In 2021, “practice confusion” (translation: incompetence) by DHHS contributed to the deaths of four kids. “At the writing of this report,” Alberi said, “the Department is working to determine the best way to implement safety science in Maine.”

Weren’t they supposed to have already done that?

Apparently not. The ombudsman’s 2022 report found the department was still struggling with “practice issues,” which is a polite way of saying it hadn’t resolved the major problems identified in previous reports. Training for frontline workers was still inadequate, and supervisors weren’t paying attention to what those caseworkers were telling them about children’s safety.

Now it’s 2023, and there’s a fresh report on how DHHS is responding. Or not responding. Mostly, the latter. Alberi found a “downward trend in child welfare practice.” More than half the cases her office reviewed had “substantial issues” and “increasingly there are cases and situations where the department had sufficient facts to determine that the child was unsafe but did not recognize the risk to the children and act accordingly.”

Speaking of not acting accordingly, Gov. Janet Mills proposed next to nothing in her new budget to address these issues, Meanwhile, the chairman of the Legislature’s Health and Human Services Committee, state Sen. Joe Baldacci of Bangor, told the Portland Press Herald the next step should be more oversight. “What we really need,” Baldacci said, “is an independent office that will bring accountability to the system.”

Isn’t that what the ombudsman does?

Uh, yeah, but Alberi can’t subpoena records, and Baldacci’s new inspector general would be able to do that. And with those documents in hand we’d be able to determine all the stuff the ombudsman has been telling us for years is still true.

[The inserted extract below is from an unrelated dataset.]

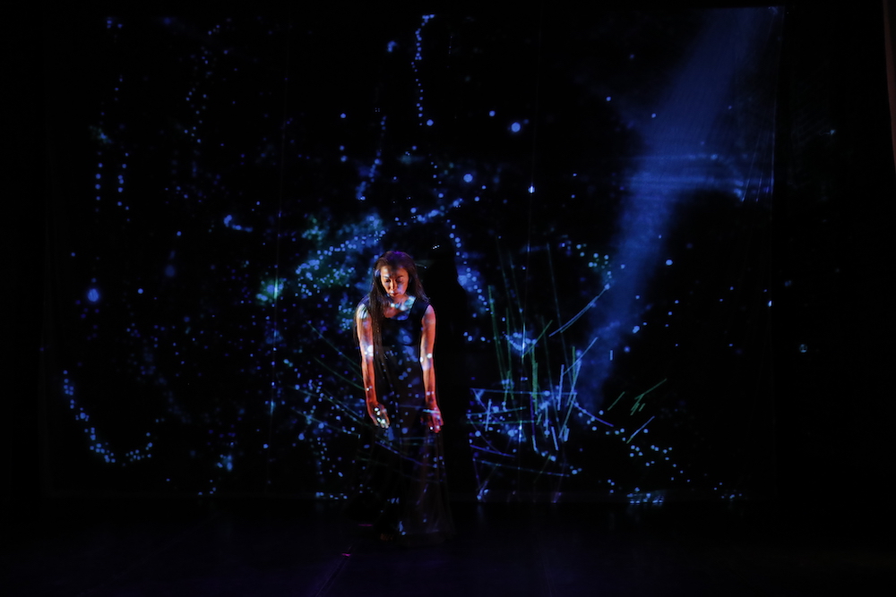 白いドレスを着た流れるようなダンスに光をあて、氷ばかりに囲まれた世界のような幻想的な視覚効果を与えられる。まるで鶴の恩返しの現代版のよう。鳥のように舞う折原が、空へ飛んでいって消えてしまいそうなほどに美しい。

In the meantime, we can hope not too many more kids die.

There’s a more practical solution, but it’s one that’s fiercely opposed by Mills and her ilk: Remove the child welfare office from DHHS. Set it up as a separate cabinet-level department. Fire all the bureaucrats who’ve been running it. Rebuild it with a real focus on kids’ safety.

Anything less won’t work. As Bill Diamond, a former state senator who’s starting a foundation to advocate for child welfare (full disclosure: my wife serves on his board), told the Press Herald, “The child protection system is broken. It’s just absolutely broken. The state doesn’t really protect children. Their words are hollow because things just keep getting worse.”